## What you need to do
Retype exactly the span of lines below from the one with "arrows, hooded cloak." through the one with "Bateria portátil em". Do not include pictures.

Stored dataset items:
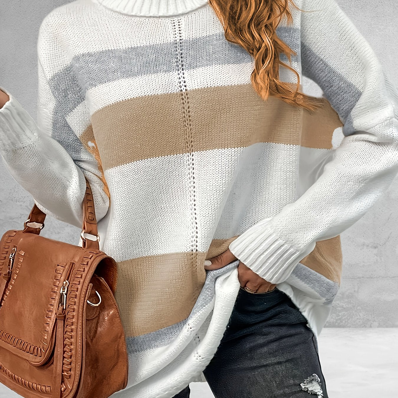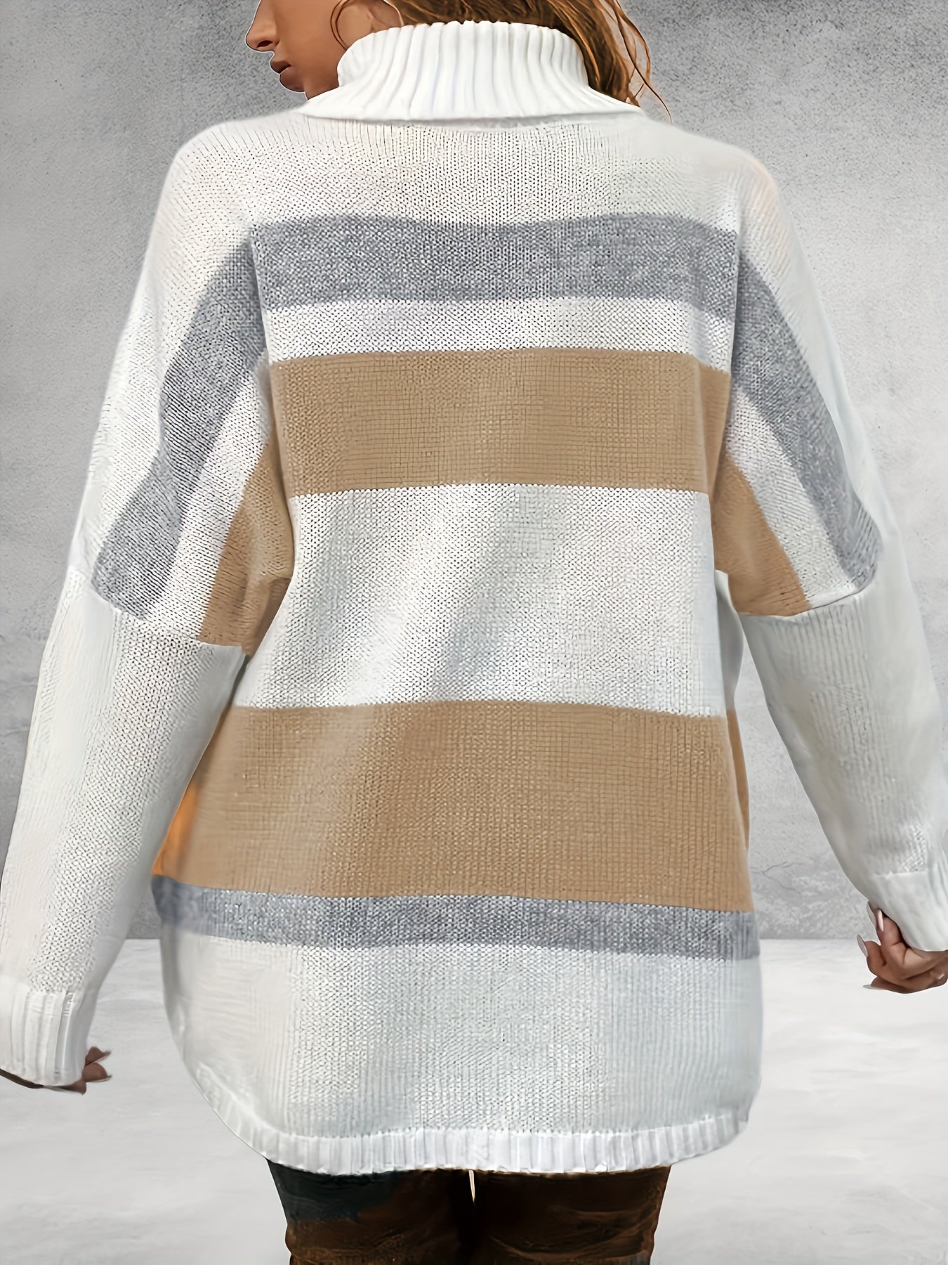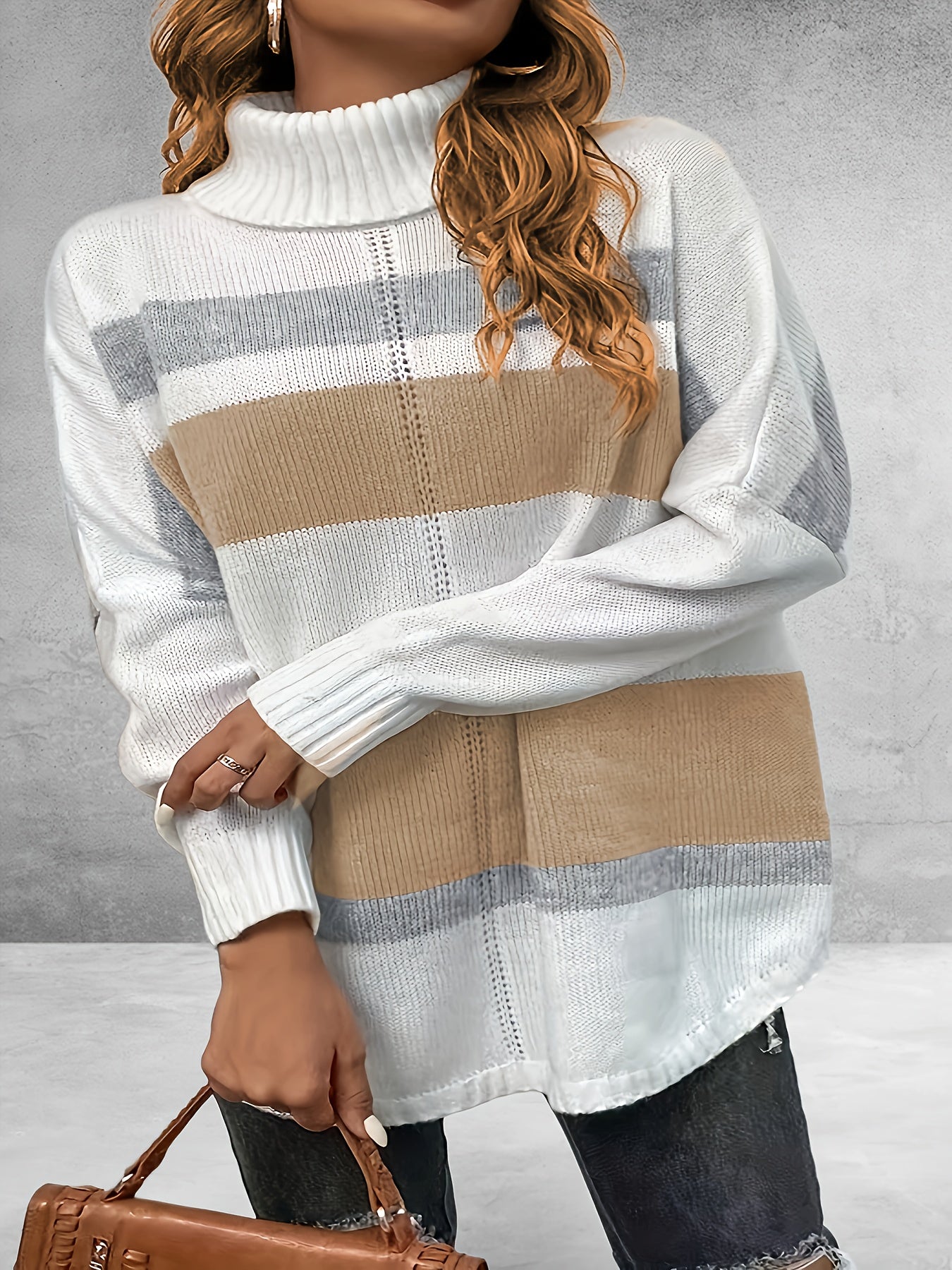 Sixsr Plus Size Casual Sweater, Women's Plus Colorblock Long Sleeve Turtle Neck Slight Stretch Sweater
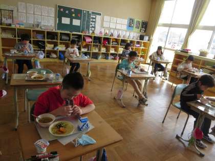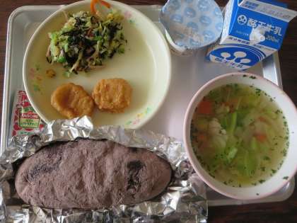 今日は、野菜と鶏肉のエキスが濃厚に溶け合っているスープも好評でしたね。とにかく大満足で大満腹の給食、ごちそうさまでした。
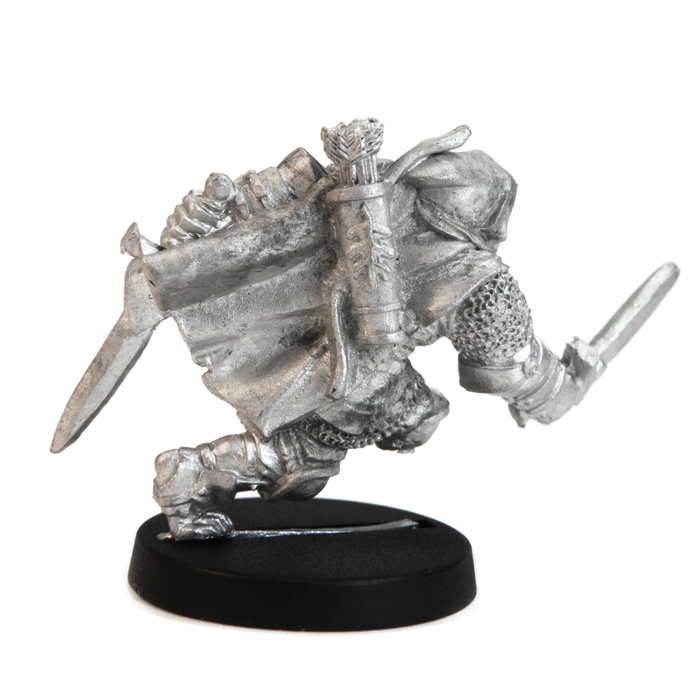 • Miniature could be used as a Ranger, Hunter, Slayer, Avenger, Beast master, rouge, Swashbuckler. This Half - Orc is equipped with a Scale mail armor, Dual wielding swords, Bow, Quiver full of arrows, hooded cloak.
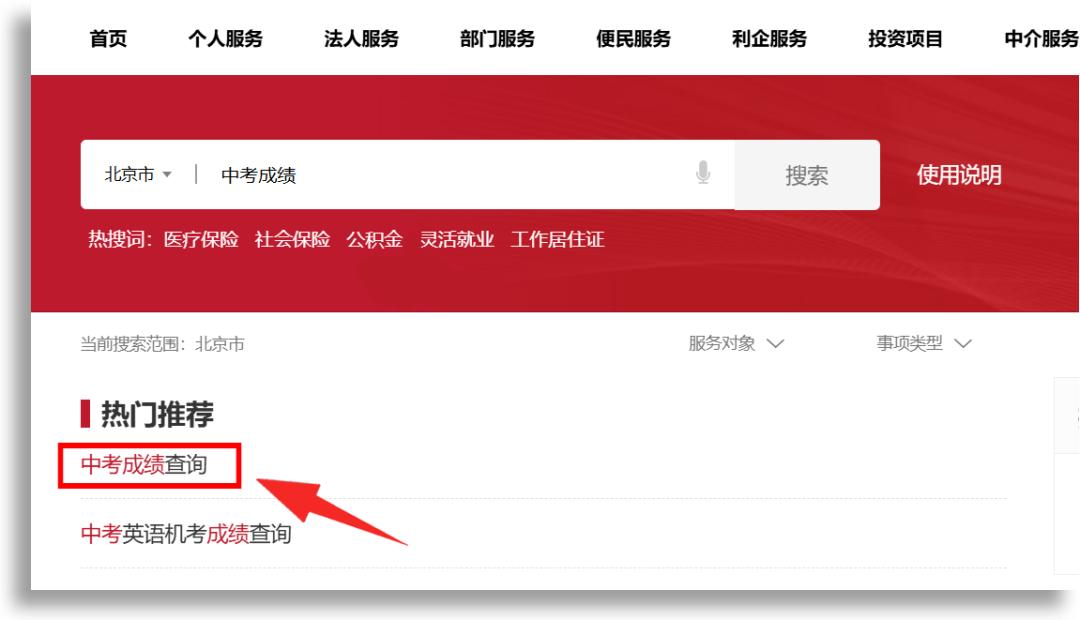 (注:为了更方便大家查询,北京市政务服务网7月9日将在首页“服务推荐”栏中放置中考成绩查询服务)
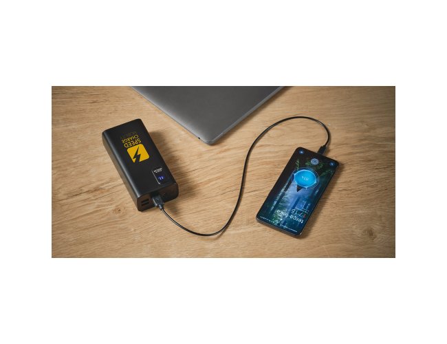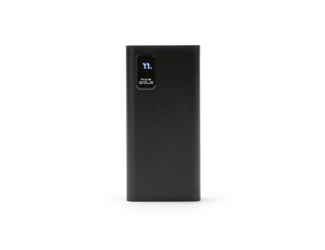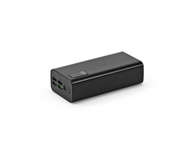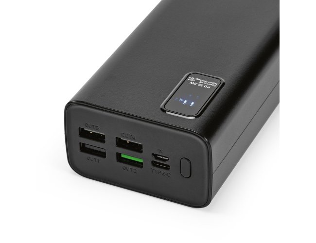 Bateria portátil em ABS 100% reciclado. Bateria em lítio com capacidade de 30.000 mAh e tempo de vida ≥ 300 ciclos. Possui entrada micro-USB e USB-C, 4 saídas USB-A e uma saída USB-C. A parte frontal tem uma tela de LED com informações do nível de carga da bateria. Incluso cabo USB-C para carregamento da bateria. Fornecida em caixa presente de papel kraft. 143 x 69 x 41 mm | Caixa: 75 x 150 x 45 mm
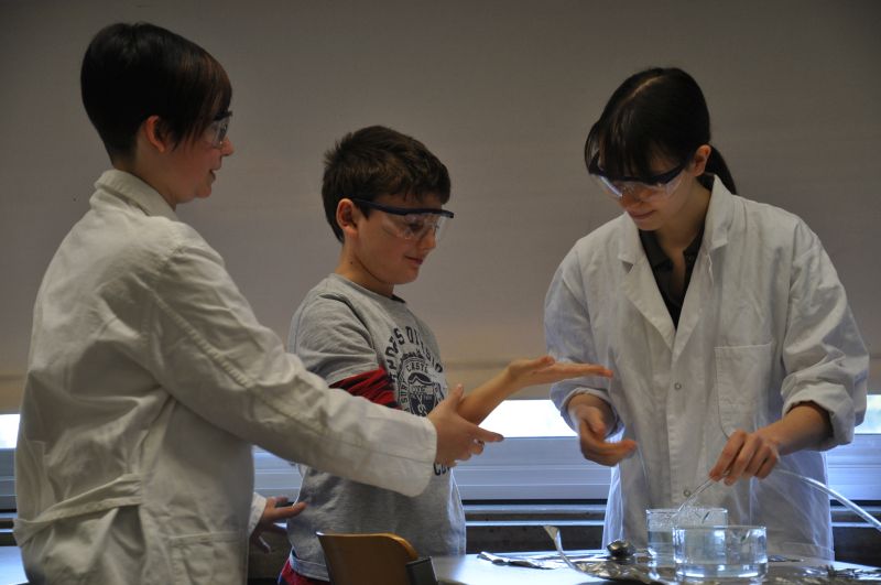 Besonders aufregend waren natürlich die Experimente der naturwissenschaftlichen Fächer. Der aktuelle Chemie-Neigungskurs weihte die staunenden Besucherinnen und Besucher in die Geheimnisse der Chemie ein: Die Mutigsten konnten sich sogar – vollkommen gefahrlos – die eigene Hand anzünden lassen.

## Problem solution
 • Miniature could be used as a Ranger, Hunter, Slayer, Avenger, Beast master, rouge, Swashbuckler. This Half - Orc is equipped with a Scale mail armor, Dual wielding swords, Bow, Quiver full of arrows, hooded cloak.
 (注:为了更方便大家查询,北京市政务服务网7月9日将在首页“服务推荐”栏中放置中考成绩查询服务)
 Bateria portátil em ABS 100% reciclado. Bateria em lítio com capacidade de 30.000 mAh e tempo de vida ≥ 300 ciclos. Possui entrada micro-USB e USB-C, 4 saídas USB-A e uma saída USB-C. A parte frontal tem uma tela de LED com informações do nível de carga da bateria. Incluso cabo USB-C para carregamento da bateria. Fornecida em caixa presente de papel kraft. 143 x 69 x 41 mm | Caixa: 75 x 150 x 45 mm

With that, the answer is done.